IKKβ deletion from CNS macrophages increases neuronal excitability and accelerates the onset of EAE, while from peripheral macrophages reduces disease severity

Authors: Maria Avloniti, Maria Evangelidou, Maria Gomini, Theodore Loupis, Mary Emmanouil, Adamantia Mitropoulou, Theodore Tselios, Hans Lassmann, Agnès Gruart, José M. Delgado-García, Lesley Probert, Vasiliki Kyrargyri

Published in: Journal of Neuroinflammation | Issue 1/2024

Abstract

Background

Multiple sclerosis (MS) is a neuroinflammatory demyelinating disease characterized by motor deficits and cognitive decline.
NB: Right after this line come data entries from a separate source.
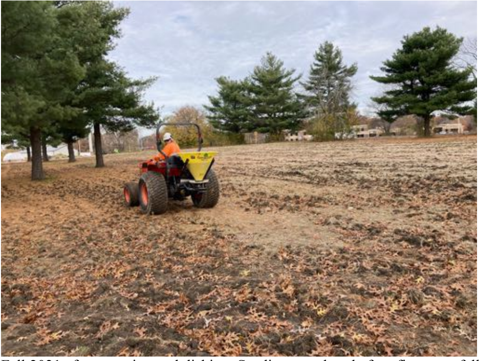
Fall 2021 after spraying and disking. Seeding two days before first snowfall.
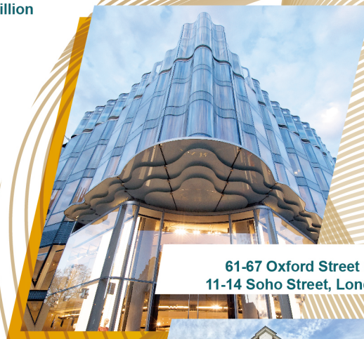
61-67 Oxford Street and 11-14 Soho Street, London
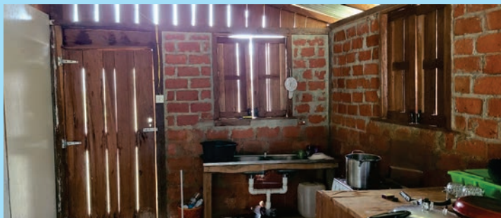
The kitchen end of the Amerindian guesthouse at Monkey Mountain

We continue to covet your prayers for our health so we can both make the 2023 Guyana trip. We are also so very thankful for your financial support. Without your help, these mission trips would be impossible. There is no way we could go without you all. God bless you and keep you all safe. You are in our prayers often. 📖
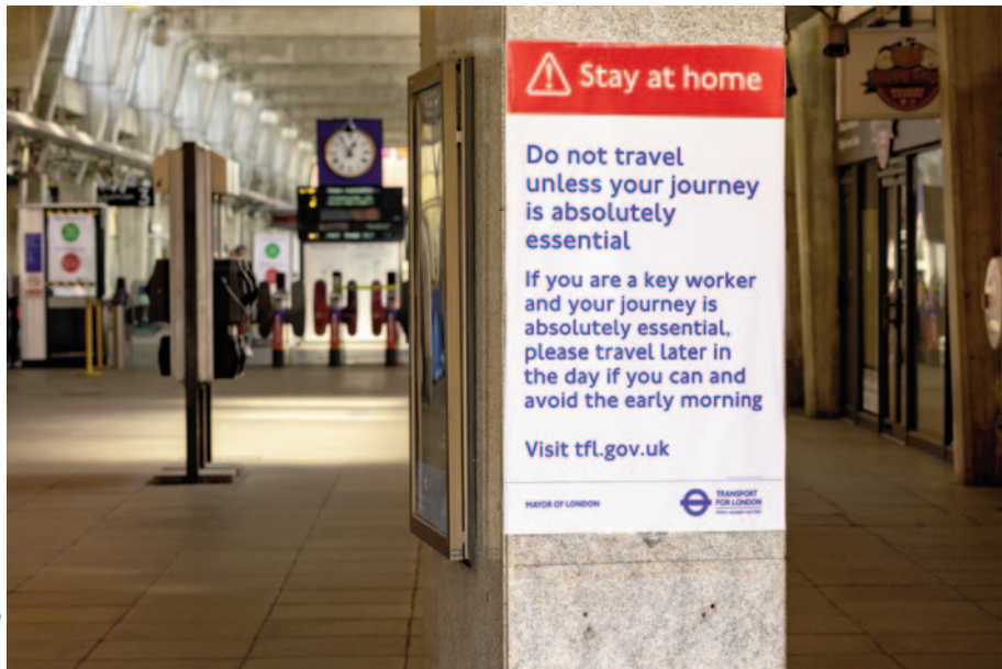
Uxbridge tube station, 12 April: a clear message.
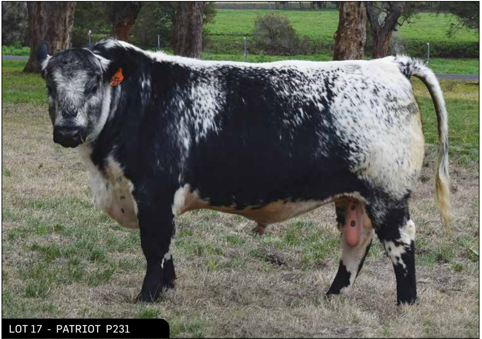
LOT 17 - PATRIOT P231
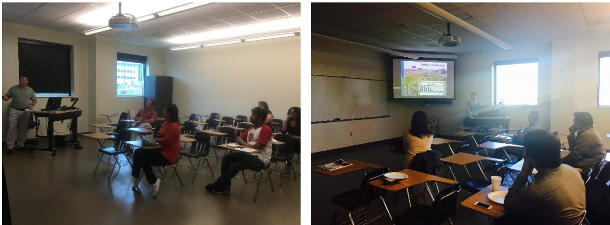
Fig: Student Chapter Meetings

Furthermore, the ITE Student Chapter, SIUE has plans to join the 2018 Midwestern District ITE Annual Conference and the 2018 Midwestern/Great Lakes Student Leadership Summit which will be held in Minneapolis, Minnesota during August.
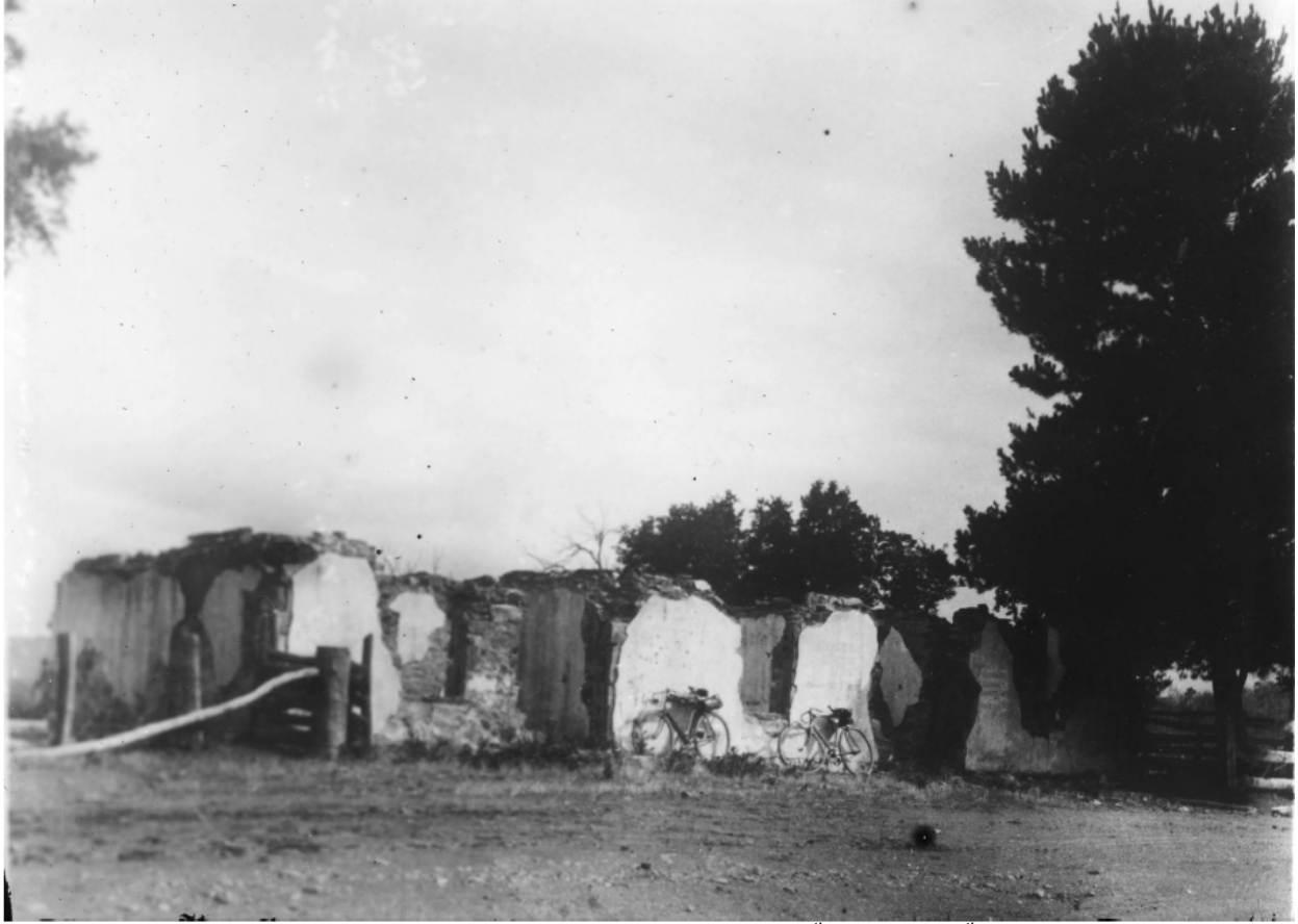
Image 4 The standing ruins of the Hibernian Hotel from the late 19 th or early 20 th century (from Williams, 2008)
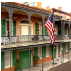
Retreat to Relaxation
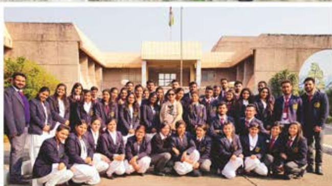
Visit to Wadia Institute of Himalayan Geology, Dehradun
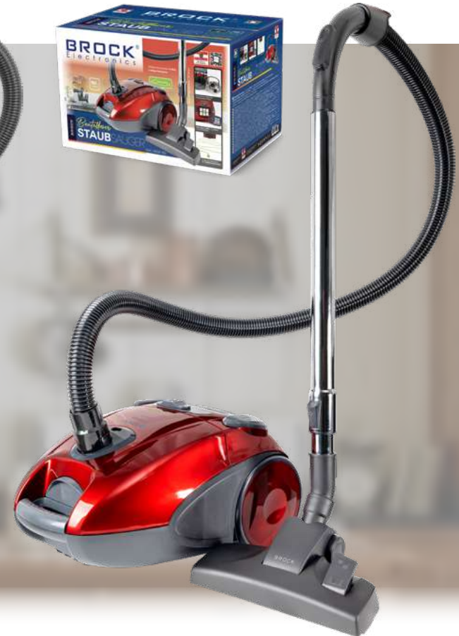
BVC 9000 RD

850W ECO Motor | 5 level filtration system | Chrome telescopic metal tube (440-700 mm) | Washable cloth dust bag | Volume of dust bag: 1.5L | Full dust bag indicator | Length of power cord: 5m (Action Radius 7.5m). 1.5M | Hose with air flow control on handle | Supplied accessories: Combination nozzle (Brush + Slot) | Auto cord rewind | Soft rubber on wheels | Low noise level: 79 dB(A) |
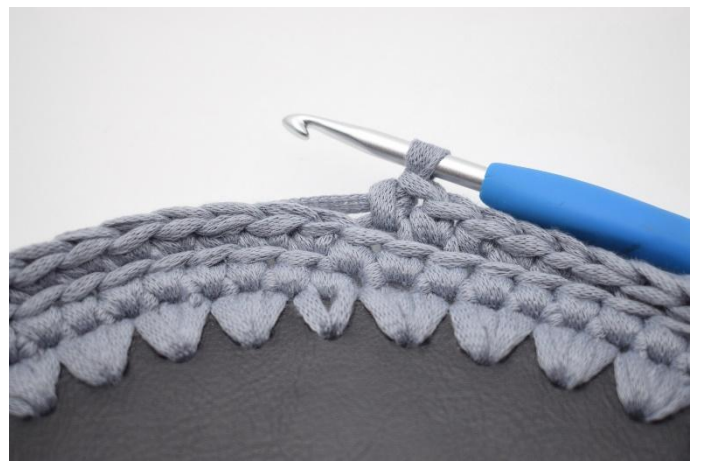
6. Repeat the round of sc in blo.
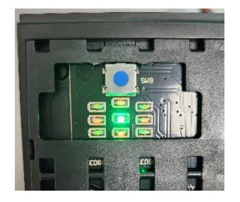
Green LED (1) on when pairing
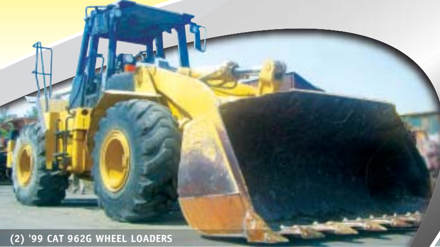
(2) '99 CAT 962G WHEEL LOADERS
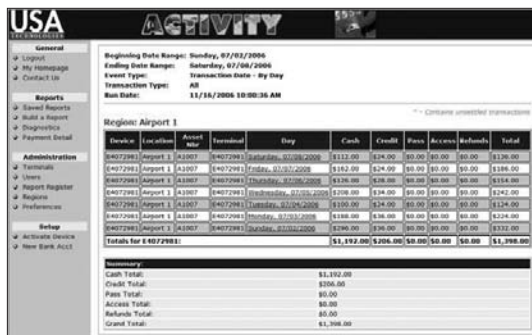
Figure 2. Transaction Reporting Cash and Cashless
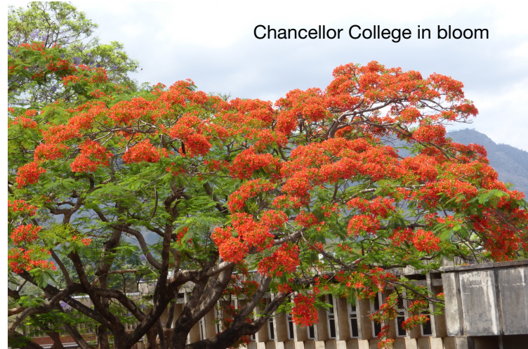
Chancellor College in bloom

being re-considered and needs further discussion with Chanco. It is now thought it might be more appropriate to identify someone in Malawi but provide them with support from SSWIM.
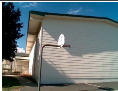
SW Primary Structural Type
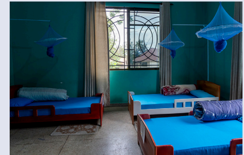
New Student Homes
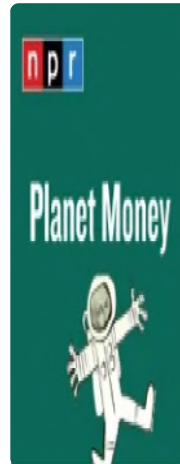
Planet Money NPR

Many immune aspects of the disease are understood through studies in the experimental autoimmune encephalomyelitis (EAE) model, including the contribution of the NF-κB transcription factor to neuroinflammation. However, the cell-specific roles of NF-κB to EAE and its cognitive comorbidities still needs further investigation. We have previously shown that the myeloid cell NF-κB plays a role in the healthy brain by exerting homeostatic regulation of neuronal excitability and synaptic plasticity and here we investigated its role in EAE.

Methods

We used constitutive MφIKKβΚΟ mice, in which depletion of IKKβ, the main activating kinase of NF-κB, was global to CNS and peripheral macrophages, and ΜgΙΚΚβKO mice, in which depletion was inducible and specific to CNS macrophages by 28 days after tamoxifen administration. We subjected these mice to MOG_35-55 induced EAE and cuprizone-induced demyelination. We measured pathology by immunohistochemistry, investigated molecular mechanisms by RNA sequencing analysis and studied neuronal functions by in vivo electrophysiology in awake animals.

Results

Global depletion of IKKβ from myeloid cells in MφIKKβΚΟ mice accelerated the onset and significantly supressed chronic EAE. Knocking out IKKβ only from CNS resident macrophages accelerated the onset and exacerbated chronic EAE, accompanied by earlier demyelination and immune cell infiltration but had no effect in cuprizone-induced demyelination. Peripheral T cell effector functions were not affected by myeloid cell deletion of IKKβ, but CNS resident mechanisms, such as microglial activation and neuronal hyperexcitability were altered from early in EAE. Lastly, depletion of myeloid cell IKKβ resulted in enhanced late long-term potentiation in EAE.

Conclusions

IKKβ-mediated activation of NF-κΒ in myeloid cells has opposing roles in EAE depending on the cell type and the disease stage. In CNS macrophages it is protective while in peripheral macrophages it is disease-promoting and acts mainly during chronic disease. Although clinically protective, CNS myeloid cell IKKβ deletion dysregulates neuronal excitability and synaptic plasticity in EAE. These effects of IKKβ on brain cognitive abilities deserve special consideration when therapeutic interventions that inhibit NF-κB are used in MS.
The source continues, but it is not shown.